For the first time, she admitted how much her husband’s inability to provide for the family motivated her decision, something she never said quite so publicly in Spokane. When questioned as to their motives in undertaking the trek, Helga said that it had been first conceived through “the inability of her husband to maintain the family.” This fueled her determination “to do something herself” to help retrieve some of their lost belongings. If they succeeded, it would help her to recover the farm which is “all but hypothecated.”11

So many people expressed concerns over the danger of unsavory men that when Helga and Clara began, they admitted to harboring some of these fears too, especially potential assaults by isolated ranchers and cowboys, hobos, and highwaymen. But by the time they arrived in Baker City, their fears began dissolving. Their many kind encounters with others gave Helga and Clara a growing confidence in people they met and in their own capacity to cope. Farmers and townspeople must have offered them shelter because they stayed only one more shivering night in a cold outbuilding before reaching Baker City. The reporter noted, “The courtesy shown up to the present time, with very few exceptions, has caused the dread to almost entirely disappear. They say they are now afraid of nothing and will either conquer or perish in the attempt to succeed.”12

They continued south and east, eventually crossing the Snake River. They could not have foreseen that this May would have the heaviest rainfall in thirty-three years in the Boise region, which caused the rivers to rise precipitously. Coming from Emmet, the deep waters forced them to cross the river and walk the railroad tracks before they entered the city on June 4. They arrived to a city in alarm over the raging Boise river, which had risen six inches in forty-eight hours. A “force of men” had worked feverishly to retrieve giant logs that had escaped from a boom and shattered bridge pilings in the furious waters. Citizens also built levees to contain the flood waters threatening to cut off South Boise and the city.13

During these first thirty days they had successfully traversed through their first mountain range, waded through swollen river waters, and trudged through spring snows until arriving safely to Boise, Idaho. Only three days of nice weather occurred in that month; nevertheless, they established a rhythm averaging twenty-seven miles a day and proved they possessed the will to protect themselves when necessary. In need of rest and money to continue, they stopped at the newspaper office and presented their card.

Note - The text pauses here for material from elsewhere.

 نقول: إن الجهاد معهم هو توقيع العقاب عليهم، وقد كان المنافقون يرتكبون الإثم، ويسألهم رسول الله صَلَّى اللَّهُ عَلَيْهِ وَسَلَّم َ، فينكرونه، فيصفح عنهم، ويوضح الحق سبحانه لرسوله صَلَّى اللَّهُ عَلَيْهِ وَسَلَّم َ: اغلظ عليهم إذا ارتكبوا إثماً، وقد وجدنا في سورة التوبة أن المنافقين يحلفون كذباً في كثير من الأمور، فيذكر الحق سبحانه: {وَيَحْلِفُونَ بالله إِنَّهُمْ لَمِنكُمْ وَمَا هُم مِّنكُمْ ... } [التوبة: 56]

In the June 5 Idaho Daily Statesman, Helga told the reporter that the parties putting up the wager did not care to have their names divulged until the women reached their destination. Impressed with their physical energy and positive spirits in spite of the obstacles they encountered, the reporter observed, “The women did not seem to be discouraged and stated they hoped to return to Spokane by Christmas.”14

Helga and Clara raised funds in Boise by cooking, cleaning, selling pictures, “anything but chopping wood.” They also entered Boise during a week when the press avidly covered discussions over women’s suffrage. Three days before Helga arrived, a large gathering came to city hall to hear an equal suffrage talk by Mrs. Laura Jones, which the Idaho Statesman reporter believed was “a convincing presentation of the reasons why women should be given the ballot. It was intensely logical throughout, relieved by anecdotes and humor sufficiently to keep the audience in a constant good humor.”15 Boise’s active equal suffrage club was also praised that week in the press.

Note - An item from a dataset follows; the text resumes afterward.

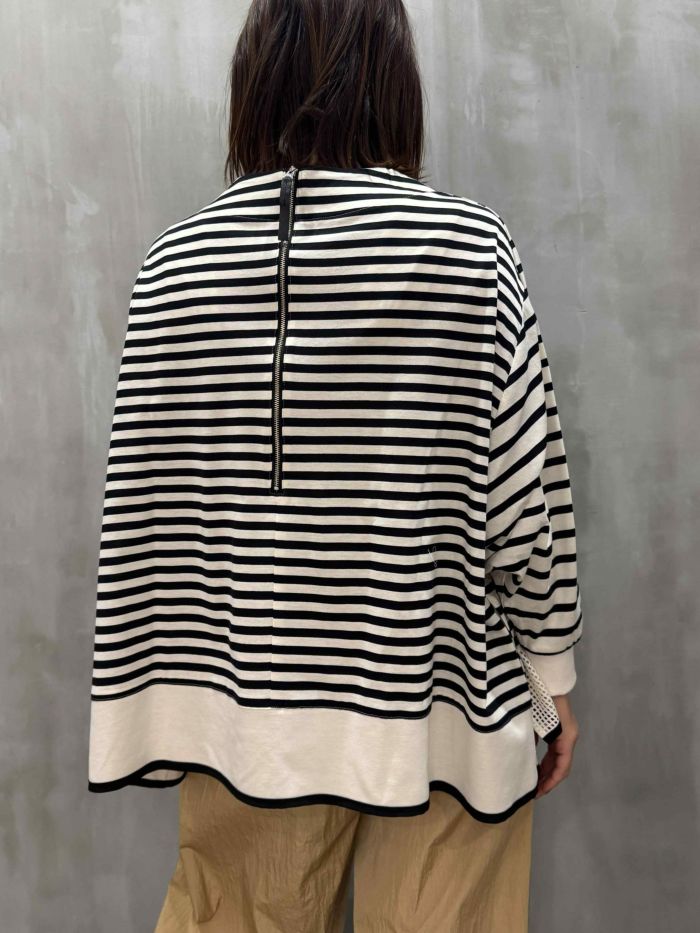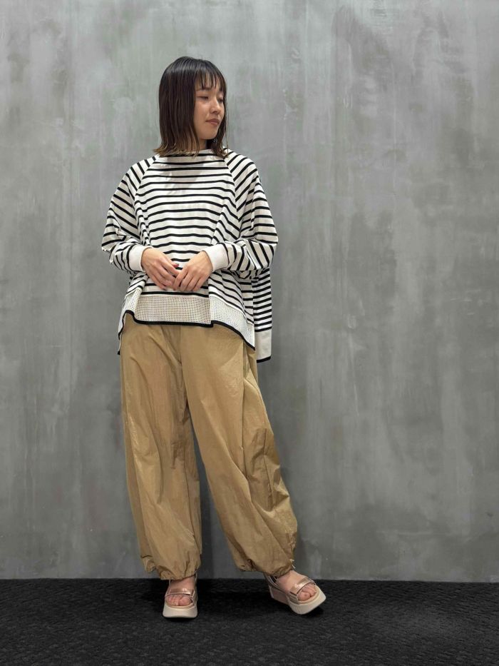 Lallia Mu メッシュヘムボーダーフレアプルオーバー

Before they left Boise, Helga and Clara began their own engagement with America’s political leadership by calling on Governor W. J. McConnell of Idaho. He added his signature to the document of introduction from Mayor Belt and included a kind personal note, “He is acquainted with Mayor Belt and vouches for the integrity of the bearers.”16 They left the streets of Boise with their finances shored up, their supplies fortified, and with eagerness to continue their journey.